Employers can leverage choice and financial education to help close the retirement gap among the Black, Indigenous and people of colour community, says Janice Holman, a principal at Eckler Ltd.
A 2021 study by the Canadian Centre for Policy Alternatives, which analyzed data from the 2016 census, found racialized seniors were most reliant on public pensions, accounting for 40 per cent of their income, compared to 34 per cent for white seniors and 25 per cent for Indigenous seniors. And according to a Statistics Canada labour force survey from September 2020, low-income employees accounted for an above-average share of all workers in most of the population groups designated as visible minorities.
Defined benefit and defined contribution pension plans are locked in and are the least flexible plans on the market due to mandated contributions in many cases, says Holman, noting a group tax-free savings account is a much more flexible option for low- and moderate-income earners because individuals can access the funds when needed. If a person remains at a fairly low income for their lifetime and doesn’t accumulate much in the way of retirement savings, she adds, a group TFSA won’t affect their government subsidized benefits in retirement.
Another savings vehicle that’s becoming more prevalent is a retirement savings plan with a student debt repayment option. In this arrangement, either the employer or employee contribution goes towards paying down the student loan, while the other is directed to retirement savings. Holman notes many people in the BIPOC community may not benefit from intergenerational wealth transfer so they’ve amassed student debt in order to pay for post-secondary education.

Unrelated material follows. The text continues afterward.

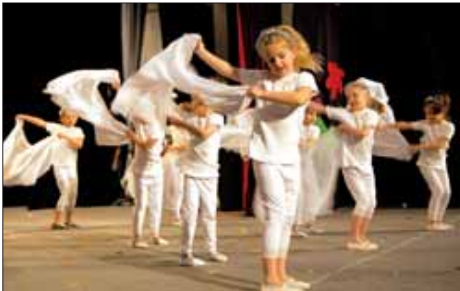
MŠ 1. máje, Vánoční

“Now that there is a broader array of plans available, employers are re-evaluating their [options] to see what works best for their workforces. Helping employees meet their current financial needs, while also [helping them] save for their retirement . . . will get them to a much better financial position.”

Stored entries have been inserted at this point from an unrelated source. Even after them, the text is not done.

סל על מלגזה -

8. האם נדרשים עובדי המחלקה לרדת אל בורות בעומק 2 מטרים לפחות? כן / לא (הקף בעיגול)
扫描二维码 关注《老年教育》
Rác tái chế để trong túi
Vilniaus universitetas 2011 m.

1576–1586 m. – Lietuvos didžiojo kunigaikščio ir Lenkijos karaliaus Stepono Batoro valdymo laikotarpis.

If employers can create good savings behaviours among their employees early, they’ll continue that behaviour throughout their working career. “Yes, they might use some [TFSA savings] for something other than retirement, but maybe that’s the best use of their resources at this point in time. . . . If [employers] can get people to . . . learn how to save and build an emergency fund, . . . they will be on a better path to financial wellness than if [they] offer a pension and [employees] decide they can’t contribute . . . because they may need the ability to access their money.”
Tyler Downey, secretary treasurer of the Service Employees International Union Healthcare, agrees. The union’s MY65+ plan is a group TFSA available to all of its employees and union members. Over the last two years, he’s aware of only two withdrawals out of the hundreds of members enrolled in the plan. “What that tells me is . . . get them in, start them small and just let them go.”
Financial education is also key, says Holman, adding these programs should be inclusive to all employee groups and approached from a diversity, equity and inclusion perspective. “Trust in the financial system is a huge barrier to people absorbing and taking action on the financial planning information they might gather.”
Simplicity is important, says Downey, suggesting employers focus the conversation on the importance of retirement security and how saving $30 or $40 a month for the next 20 to 30 years can help them reach their retirement goals. “It’s really [connecting it] to the individual [to] help [them] get over their fears of starting [to save]. . . . Once they . . . pick up the habit, it becomes a longer-term [behaviour].”
When employees can’t afford to retire, workforce management becomes a real struggle for companies, says Holman, noting it poses a morale risk to younger workers when older employees can’t vacate senior positions. It could lead to increased benefits costs and disability leaves, as well as absenteeism and presenteeism stemming from the mental-health impacts of financial stress.
“It’s one of the biggest issues employers are going to be dealing with for the next 10 to 15 years, especially in these difficult economic times.”